The brightest technology leadership will be compelled to participate and support forums where the best ideas are welcome.  DoD has long been aware of the benefit and result of collaborative design methodologies from its spawning of the Internet through academic research channels. 

Internet RFC’s are very carefully worded collaborative “Requests For Comments” avoiding the use of “mandates” but attain the most adhered to unspoken, peer to peer mandates in technology history.  The first RFC’s were not about technology, but about how the Internet Society would collaborate to adopt the “best information at the time” the decision is made and sticking with such for sufficient time to provide an architectural return on their investment and a new solution could build on that success.  Internet psychology has proven effective and is likely the most ubiquitously admired of modern DoD initiatives.  

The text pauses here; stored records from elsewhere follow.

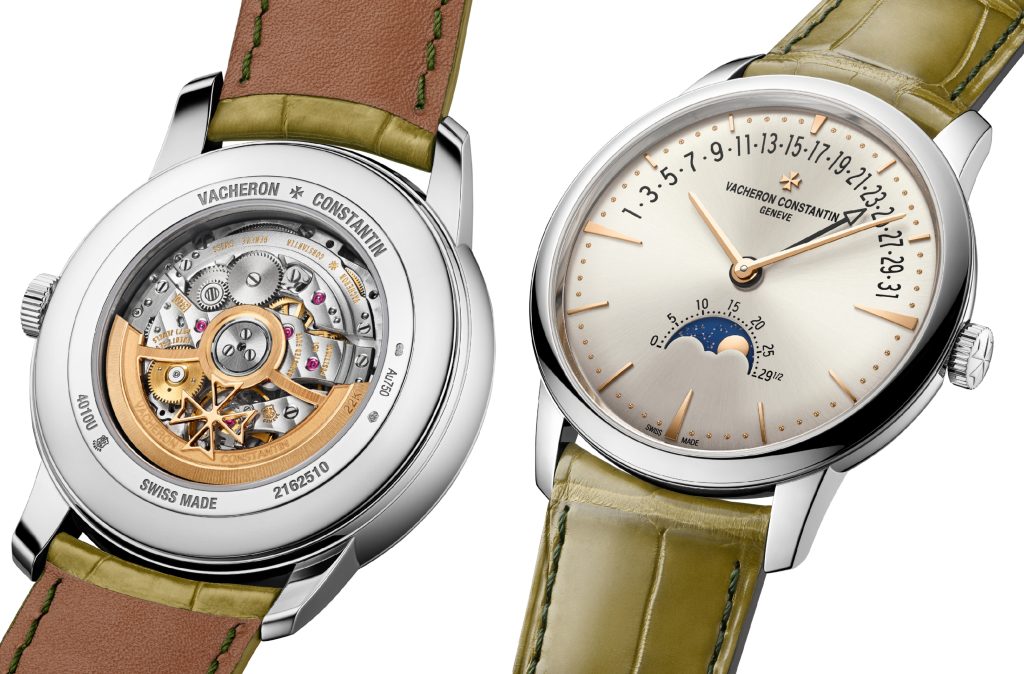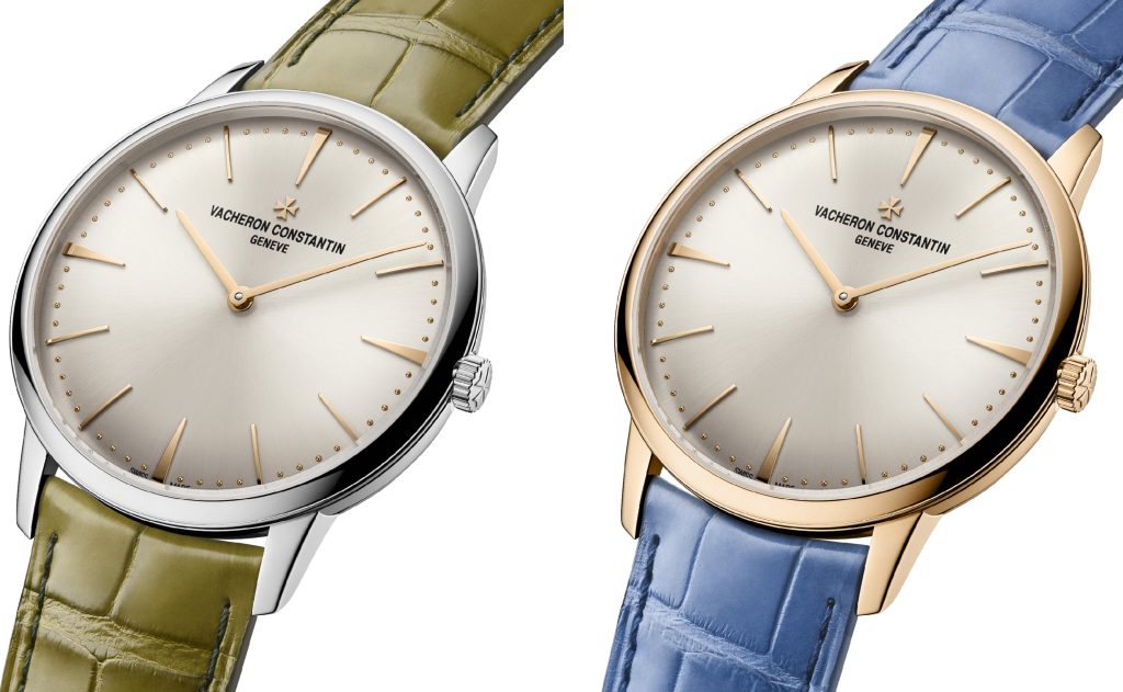 Le altre due novità di quest’anno sono rappresentate dai Patrimony ref.1410U/000G-H017 e ref.1410U/000R-H018 con cassa ø 39 min oro bianco o rosa, fondo chiuso (dove si possono far eseguire incisioni), abbinata a quadranti argento antico con la parte esterna convessa, minuteria circolare applicata con perle in oro rosa, Indici geometrici applicati e lancette in oro rosa. Il movimento a carica manuale è il Calibro 1440 sviluppato e prodotto in house, spessore mm 2,6, A/h 28.800, 19 rubini. Sono completate da cinturini in alligatore Mississippiensis verde oliva o azzurro a squame quadrate, con fodera di vitello e impunture tono su tono; la fibbia nell’oro della cassa a forma di mezza croce di Malta è ad ardiglione.
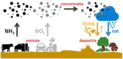 Nitrogen (N) is the most important nutrient for plants and essential for food production. Farmers therefore use it as fertiliser. Part of the nitrogen ends up in the air in the form of ammonia (NH3). Other sectors, such as traffic and industry, also emit nitrogen oxides (NOx).
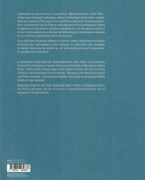 Véritable traversée de l'histoire moderne et contemporaine de la BD, l'exposition « Bande dessinée (1964-2024) », présentée au niveau 6, met en dialogue pour la première fois en France ses trois principaux foyers d'expression : la création européenne, les mangas asiatiques et les comics américains. En douze thématiques et par un jeu d'échos inattendus entre les auteurs, elle convoque les imaginaires de la bande dessinée, les émotions qu'elle suscite, ainsi que la diversité des techniques employées. L'aventure, le rêve, le rire, la science-fiction, l'architecture ou encore le récit intime sont autant de thématiques explorées. Parmi la centaine de personnalités incontournables rassemblées, une attention particulière est accordée aux femmes. Le catalogue s'attache à reproduire des planches originales, des dessins de couverture, des carnets, ainsi que des éléments de documentation, mettant en valeur la beauté du trait et la variété des techniques employées, au plus près du processus créatif. L'ensemble des textes est pensé pour offrir une approche accessible et ambitieuse sur un sujet aussi vaste et passionnant que le 9e art. Parmi eux, on peut noter notamment un entretien de Joe Sacco avec le critique Paul Gravett, ainsi qu'un essai de Tristan Garcia : « Bande dessinée et littérature : des sisters arts ». Saison La
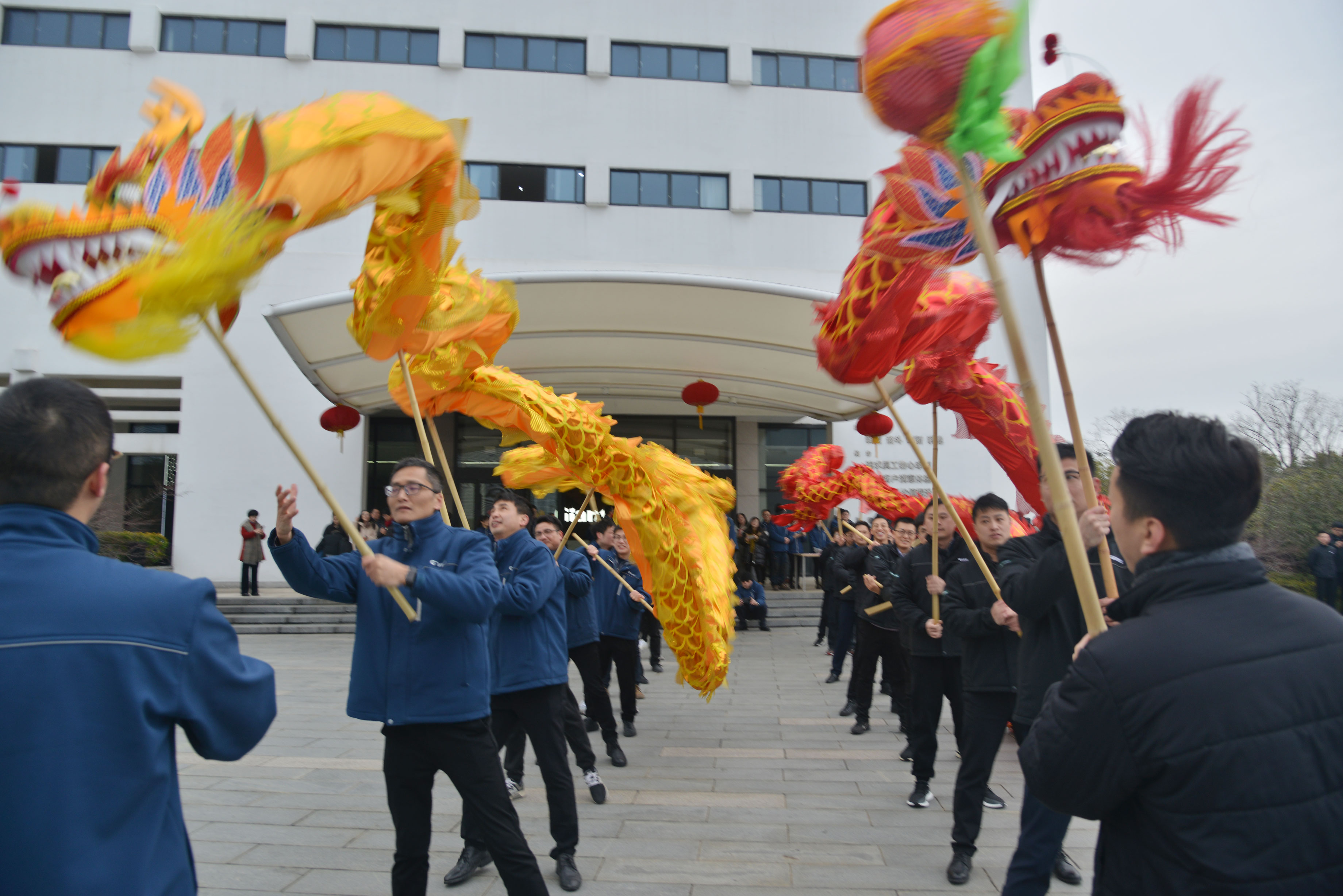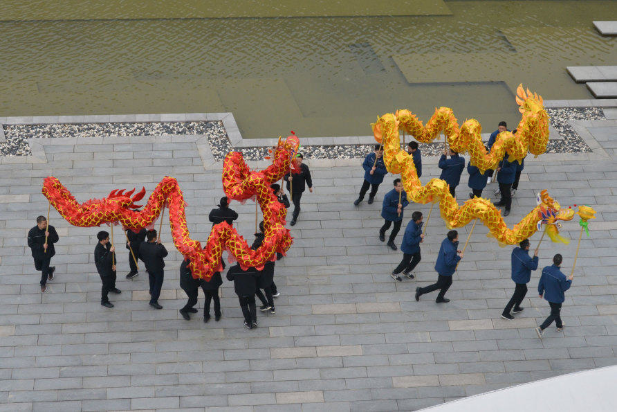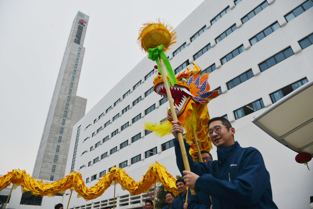 春寒料峭,擋不住熱情迸發(fā)的青春活力。來自巨人集團(tuán)各公司的青年員工,舞動兩條長龍,在激越的鑼鼓聲中凌空游弋、上下翻飛;一個(gè)個(gè)開工紅包傳遞到大家手中,帶來美好的新年祝愿,園區(qū)處處洋溢著歡聲笑語。

During the review of the AOR general network architecture and associated network management documentation including diagrams and link provisioning details it became obvious that some areas had meticulous micro details without an effective macro view and vice versa.  CENTCOM recently built an excellent set of large format consolidated network views, but lacks display and training space for such large formats to be displayed and used for technologist education. 

They also suffer from not being dynamically linked to speed provisioning updates occurring regularly.  The larger the network or system with more people making changes and responsible for troubleshooting the more the documentation needs to be part of regular proactive operations. 

The documentation illustrates the system architecture.  If technologists are not able to understand the architecture they are bound to destroy it through ignorance.  Such diagrams and details are the key to creating and maintaining technical cultural architecture awareness and used to teach and model best practice behavior in and between COCOMs.  

Biometric architecture documentation, component lists and diagrams are emerging, but remain rudimentary with many incongruities and without regular update schedules.  With the proliferation of biometric FSE’s (Field Support Engineers) in the AOR and many support personnel ready to assist the Biometrics Community at CENTCOM and COCOM’s a critical danger exists that assistance with problems will be inhibited by the lack of up to date information on servers, roles, DSS replication, and biometric enrollment forwarding architecture.   This is likely to grow worse as more technologists institute unrecorded and undocumented changes. 

Once change control approves a change without associated up to date diagrams and lists it is too late as technologists are not typically known for volunteering to update the diagram after the technical change is made. 

The best way to institute effective updated documentation is by requiring it of technologists as they request a desired change.  In this manner documentation will always be up to date as changes occur. 

Most network and application problems can be traced changes - and ultimately to poor documentation and change control discipline.  Leadership can play a significant role in honoring and recognizing the value of these best practices.